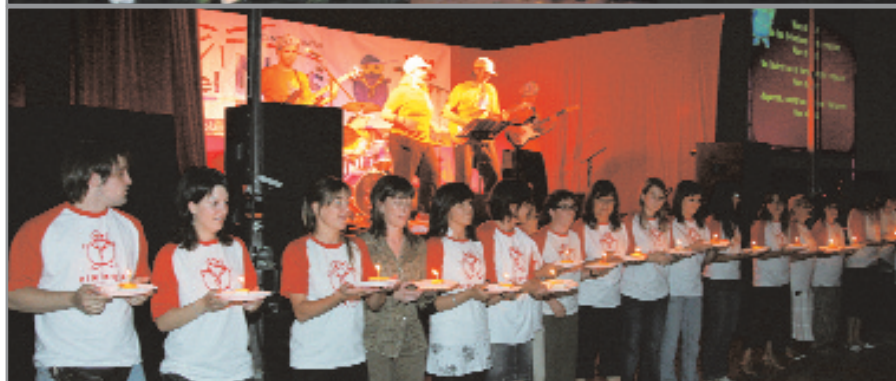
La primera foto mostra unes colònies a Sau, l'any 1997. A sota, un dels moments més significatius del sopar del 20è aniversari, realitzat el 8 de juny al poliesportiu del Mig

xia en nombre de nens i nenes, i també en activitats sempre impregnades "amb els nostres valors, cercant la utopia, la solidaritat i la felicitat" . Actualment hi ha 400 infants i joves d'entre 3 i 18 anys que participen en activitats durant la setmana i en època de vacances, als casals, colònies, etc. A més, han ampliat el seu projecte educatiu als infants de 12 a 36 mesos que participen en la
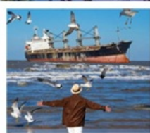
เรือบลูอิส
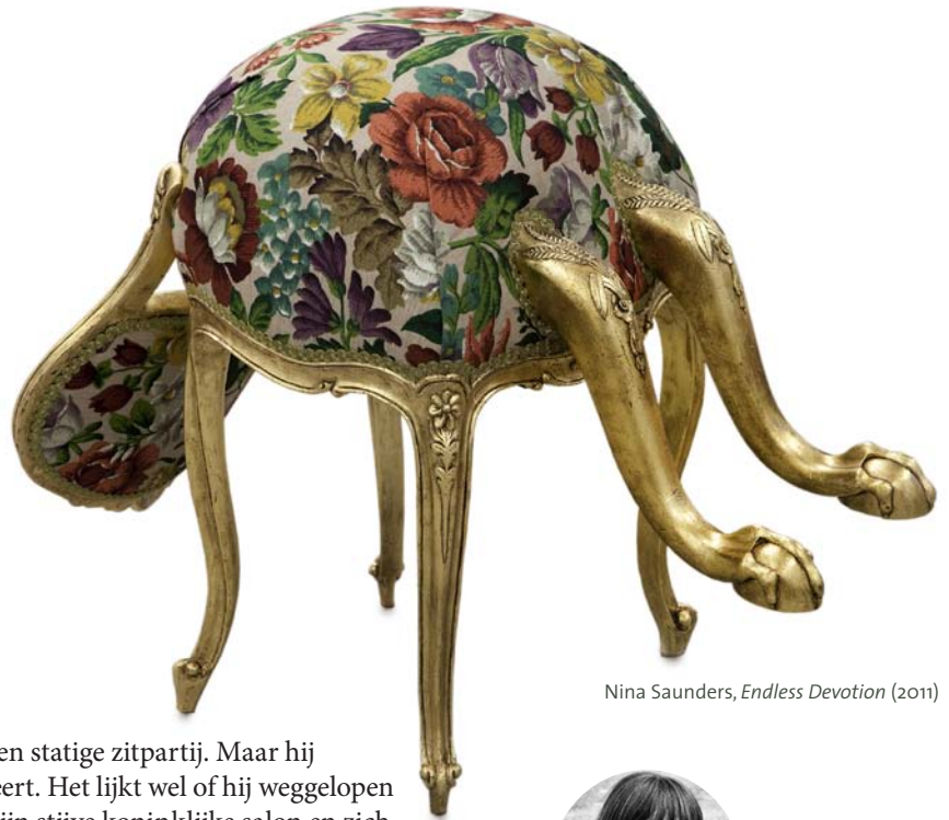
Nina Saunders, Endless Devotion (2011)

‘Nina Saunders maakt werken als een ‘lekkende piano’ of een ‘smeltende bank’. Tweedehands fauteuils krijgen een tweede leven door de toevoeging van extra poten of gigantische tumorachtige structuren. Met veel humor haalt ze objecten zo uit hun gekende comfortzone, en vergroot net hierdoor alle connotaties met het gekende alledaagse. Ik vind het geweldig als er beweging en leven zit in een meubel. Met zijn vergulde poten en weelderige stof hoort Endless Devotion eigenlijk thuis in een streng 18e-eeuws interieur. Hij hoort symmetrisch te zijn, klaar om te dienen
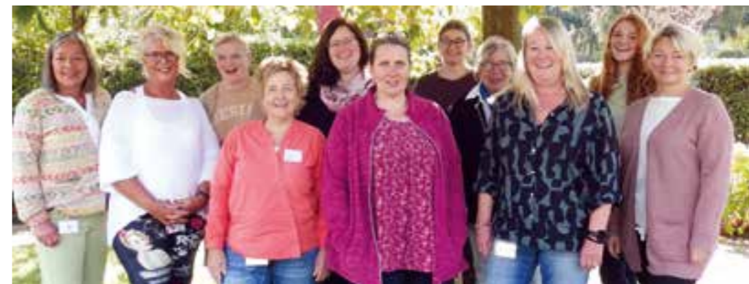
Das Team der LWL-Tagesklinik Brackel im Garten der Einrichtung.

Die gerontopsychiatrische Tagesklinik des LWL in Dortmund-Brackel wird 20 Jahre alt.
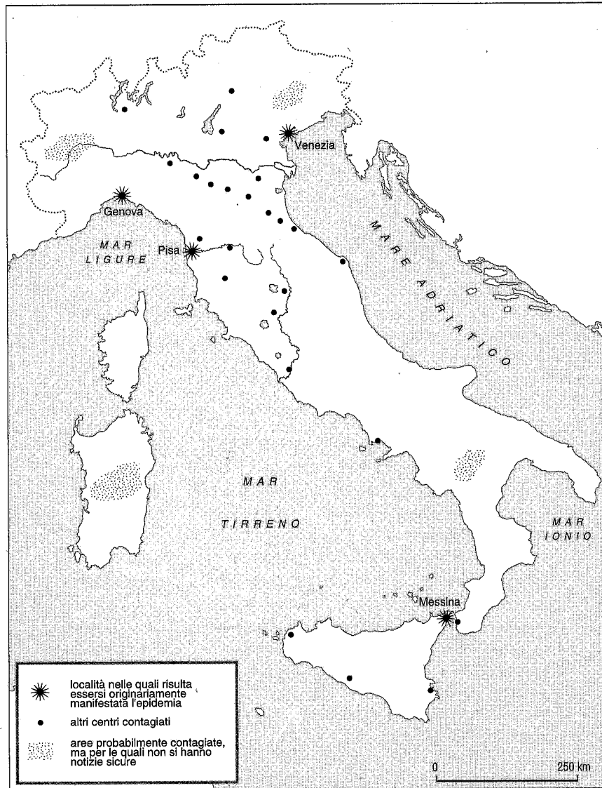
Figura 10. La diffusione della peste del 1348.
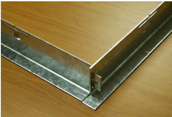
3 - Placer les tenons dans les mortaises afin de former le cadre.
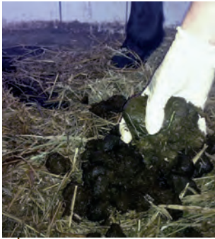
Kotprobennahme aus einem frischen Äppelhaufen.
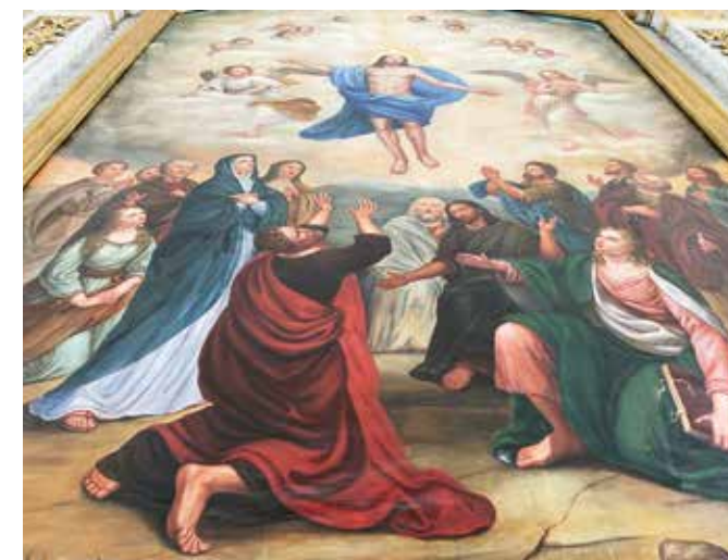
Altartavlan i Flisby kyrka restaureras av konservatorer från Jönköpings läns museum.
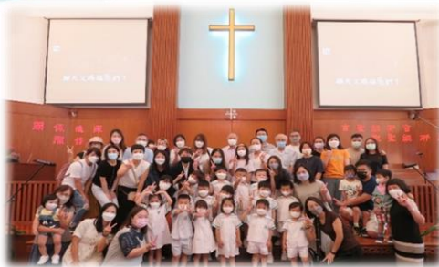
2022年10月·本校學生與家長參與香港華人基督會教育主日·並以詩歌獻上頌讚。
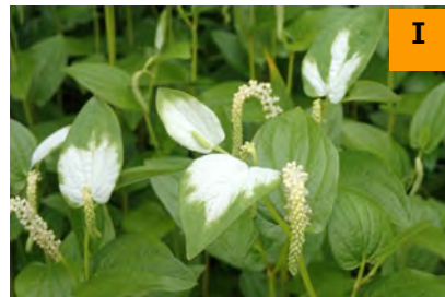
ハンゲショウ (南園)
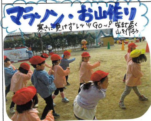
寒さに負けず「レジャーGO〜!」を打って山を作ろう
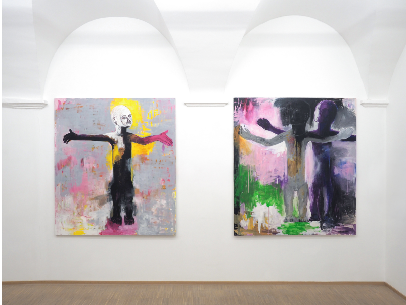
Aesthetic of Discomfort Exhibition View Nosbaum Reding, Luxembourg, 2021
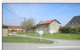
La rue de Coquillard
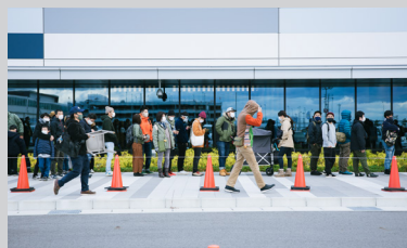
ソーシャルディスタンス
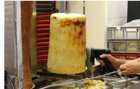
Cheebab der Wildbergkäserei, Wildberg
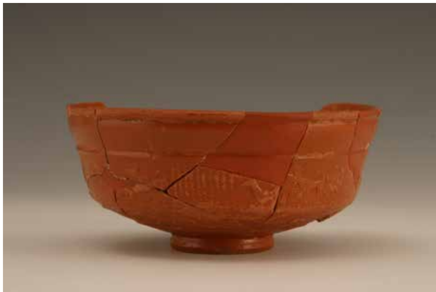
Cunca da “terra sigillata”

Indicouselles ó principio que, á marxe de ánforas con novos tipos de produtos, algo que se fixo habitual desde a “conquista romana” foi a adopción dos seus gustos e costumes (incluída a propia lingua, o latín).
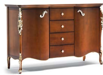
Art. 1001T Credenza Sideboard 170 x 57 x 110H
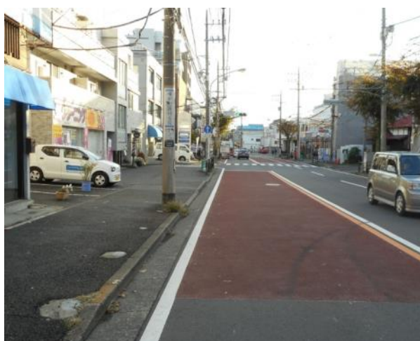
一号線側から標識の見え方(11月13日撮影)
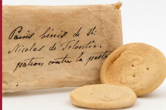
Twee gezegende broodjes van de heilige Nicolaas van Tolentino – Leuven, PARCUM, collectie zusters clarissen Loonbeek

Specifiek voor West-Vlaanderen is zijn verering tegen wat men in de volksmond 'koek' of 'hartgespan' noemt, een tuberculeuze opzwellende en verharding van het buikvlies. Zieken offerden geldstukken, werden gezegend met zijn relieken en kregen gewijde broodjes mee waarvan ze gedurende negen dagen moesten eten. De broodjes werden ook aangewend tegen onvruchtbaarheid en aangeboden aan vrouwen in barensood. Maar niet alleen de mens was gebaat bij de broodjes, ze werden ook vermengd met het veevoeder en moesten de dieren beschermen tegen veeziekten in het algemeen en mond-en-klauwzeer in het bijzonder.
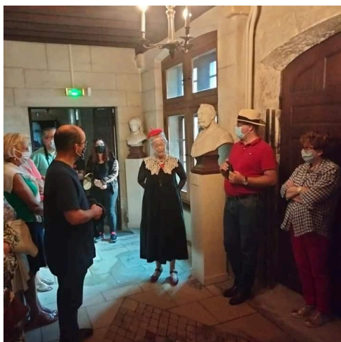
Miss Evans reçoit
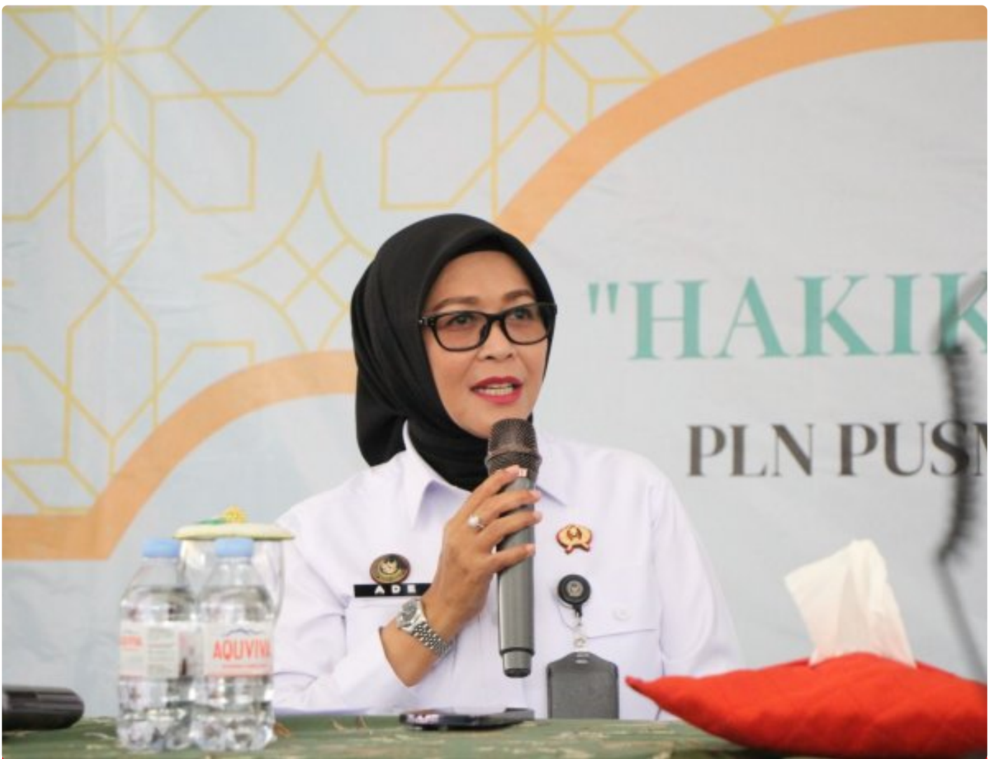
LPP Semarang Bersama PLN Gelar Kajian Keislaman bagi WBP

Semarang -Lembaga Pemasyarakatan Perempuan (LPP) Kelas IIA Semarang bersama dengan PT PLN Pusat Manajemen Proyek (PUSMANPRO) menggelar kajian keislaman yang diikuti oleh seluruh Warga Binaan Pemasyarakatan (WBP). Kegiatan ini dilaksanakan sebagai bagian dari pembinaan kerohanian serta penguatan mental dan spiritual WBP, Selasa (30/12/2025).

Work task: Set down, exactly as written above, each line from the one with "Kotprobennahme aus einem" through the one with "Twee gezegende broodjes", and skip the pictures.

Expected answer:
Kotprobennahme aus einem frischen Äppelhaufen.
Altartavlan i Flisby kyrka restaureras av konservatorer från Jönköpings läns museum.
2022年10月·本校學生與家長參與香港華人基督會教育主日·並以詩歌獻上頌讚。
ハンゲショウ (南園)
寒さに負けず「レジャーGO〜!」を打って山を作ろう
Aesthetic of Discomfort Exhibition View Nosbaum Reding, Luxembourg, 2021
La rue de Coquillard
ソーシャルディスタンス
Cheebab der Wildbergkäserei, Wildberg
Cunca da “terra sigillata”

Indicouselles ó principio que, á marxe de ánforas con novos tipos de produtos, algo que se fixo habitual desde a “conquista romana” foi a adopción dos seus gustos e costumes (incluída a propia lingua, o latín).
Art. 1001T Credenza Sideboard 170 x 57 x 110H
一号線側から標識の見え方(11月13日撮影)
Twee gezegende broodjes van de heilige Nicolaas van Tolentino – Leuven, PARCUM, collectie zusters clarissen Loonbeek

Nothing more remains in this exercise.